Under the old Senate map, Dame said, the Chittenden district “was the hardest race in the state for a Republican to win. At least if you run statewide, you get Franklin and Rutland Counties.” Those two are generally considered among the most conservative counties in the state, along with the three counties that make up the Northeast Kingdom.
Under the new map, Dame said, Chittenden-Central is poised to become a battleground between Democrats and Progressives. Vermont Progressive Party executive director Josh Wronski agreed; he told VTDigger that the Chittenden-Central Senate race is “probably the most high-profile for us.”
Twelve-year Senate veteran Baruth will be the only incumbent running in Chittenden-Central, with two more seats wide open. While not a Senate incumbent, Rep. Tanya Vyhovsky, P/D-Essex, will be a familiar name to Essex Junction voters in her bid for the upper chamber.
“You know, I didn’t come into the House thinking, ‘Oh, I’m going to serve one term in the House, then they’re going to redistrict and so I’ll jump into the Senate,’” she told VTDigger. “What really happened is … the (new) district worked politically for me as a pretty left-leaning Progressive, myself. And there was an open seat, and then there were two open seats.”

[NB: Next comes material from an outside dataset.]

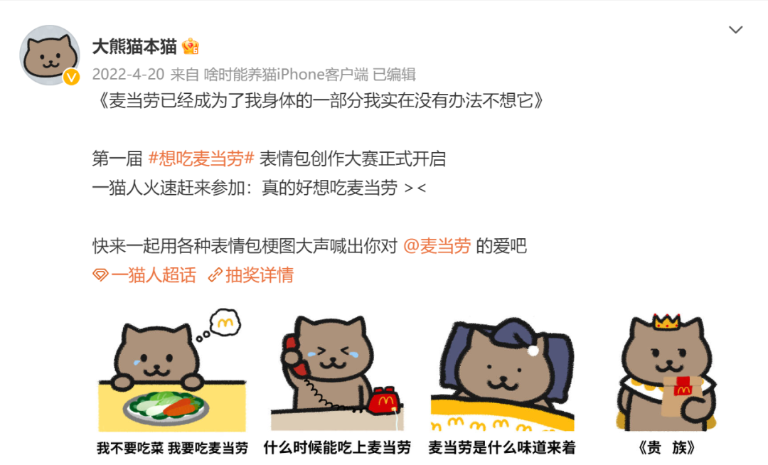 麦当劳还曾经和画家@大熊猫本猫合作,产出了非常有名的“一猫人×麦当劳”表情包。
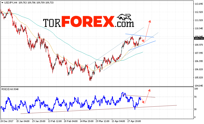 Таким образом, USD/JPY прогноз Доллар Иена на 11 мая 2018 предполагает попытку теста области поддержки вблизи уровня 109.10 и продолжения роста котировок в область выше уровня 112.00, в пользу роста пары выступит тест линии тренда на индикаторе относительной силы, отменой варианта роста станет падение и пробой области 108.50.

If there were ever a time to make a bid for the upper chamber, she said, it’s now.
Along with Vyhovsky and Baruth on the Chittenden-Central ballot will be Essex Junction President Andrew Brown; Vermont Human Rights Commission member and Burlington resident Dawn Ellis; Burlington School Board member Martine Larocque Gulick; and Erhard Mahnke, a Burlington resident and staffer for U.S. Sen. Bernie Sanders, I-Vt.
In the three-member Chittenden-Southeast district, incumbents Chittenden, Lyons and Ram Hinsdale are seeking reelection. Also vying for spots are Steve May, a social worker from Richmond; Lewis Mudge, a Charlotte resident and Central Africa director for Human Rights Watch; and Ken Scott, a Champlain Valley School District board member from Shelburne. All are Democrats.
While Dame said he thinks Republicans “can be more competitive in that Southeast district,” none have filed for candidacy ahead of the August primary. Dame said the party is still trying to recruit candidates.
VTDigger reporter Lola Duffort contributed to this report.